Add ability to remove HTTP response headers in the HTTP connection manager after HTTP filters have executed

[henrymwang]

Title: Add ability to remove HTTP response headers in the HTTP connection manager after HTTP filters have executed

Description:
The HTTP connection manager offers early header request mutations which run before HTTP filters:

• envoy/api/envoy/extensions/filters/network/http_connection_manager/v3/http_connection_manager.proto

  Line 678 in 0038ebb

  repeated config.core.v3.TypedExtensionConfig early_header_mutation_extensions = 52;

  .

• envoy/source/common/http/conn_manager_impl.cc

  Line 1372 in 0038ebb

  const auto mutate_result = ConnectionManagerUtility::mutateRequestHeaders(

We have a similar need for stripping response headers after HTTP filters have executed. This would be useful in situations where HTTP filters might add response headers unintentionally that we'd like to ensure are never leaked.

This could be implemented by adding a new field to the HTTP connection manager config and updating encodeHeaders here,

envoy/source/common/http/conn_manager_impl.cc

Line 1788 in 0038ebb

ConnectionManagerUtility::mutateResponseHeaders(

.

We can prepare a patch if this sounds reasonable.

[optional Relevant Links:]

Any extra documentation required to understand the issue.

[zuercher]

I sort of expected response_headers_to_remove to handle this, but I don't think it does (maybe it used to).

cc @alyssawilk

[henrymwang]

I sort of expected response_headers_to_remove to handle this, but I don't think it does (maybe it used to).

For a test: I added a network listener with 2 http filters: health-check filter in no pass through mode, then the http router filter. The http health-check filter adds some headers and uses localReply if it matches the /healthy (responds with a 200). When I curl the health path, it always returns the header x-envoy-upstream-healthchecked-cluster, which is automatically added by the http healthcheck filter.

Because the http router filter is last, it also modifies response headers first so it's too late then. Another option might be adding a filter in front to remove the response headers but it would require extra care about filter ordering. My proposal is to add this ability to unconditionally remove response headers, even ones added by http filters running before the http router.

[agrawroh]

@henrymwang You can have HeaderMutation as the first filter in the chain and specify any headers you'd like to remove from the outgoing response in response_mutations. On the response path, the filter chain is reversed and this filter would be invoked last. This way you won't be depending on the router filter to do the mutations for you as you have correctly identified that any other filters in the chain could mutate the response after the router filter have already executed.

[henrymwang]

You can have HeaderMutation as the first filter in the chain and specify any headers you'd like to remove from the outgoing response in response_mutations. On the response path, the filter chain is reversed and this filter would be invoked last. This way you won't be depending on the router filter to do the mutations for you as you have correctly identified that any other filters in the chain could mutate the response after the router filter have already executed.

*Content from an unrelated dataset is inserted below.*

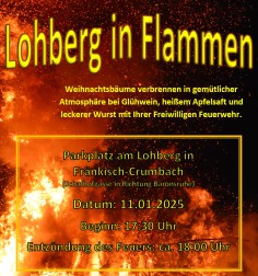 Am Samstag, den 11.01.2025 findet wieder das Weihnachtsbaumverbrennen der Freiwilligen Feuerwehr statt, zu dem wir die Bevölkerung herzlich einladen.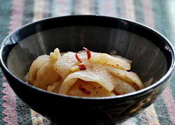 原料:萝卜、辣椒粉、姜末、辣椒油、山西饺子醋、盐、木糖醇。

I've tried that as well without any luck - I believe that's because this extension only works on the HTTP connection manager's request path and it doesn't apply currently to response headers.

Code snippets:

• envoy/source/common/http/conn_manager_impl.cc

  Line 1372 in 47f99c5

  const auto mutate_result = ConnectionManagerUtility::mutateRequestHeaders(

• envoy/source/common/http/conn_manager_utility.cc

  Line 94 in 47f99c5

  for (const auto& extension : config.earlyHeaderMutationExtensions()) {

[agrawroh]

@henrymwang Could you link your Envoy config?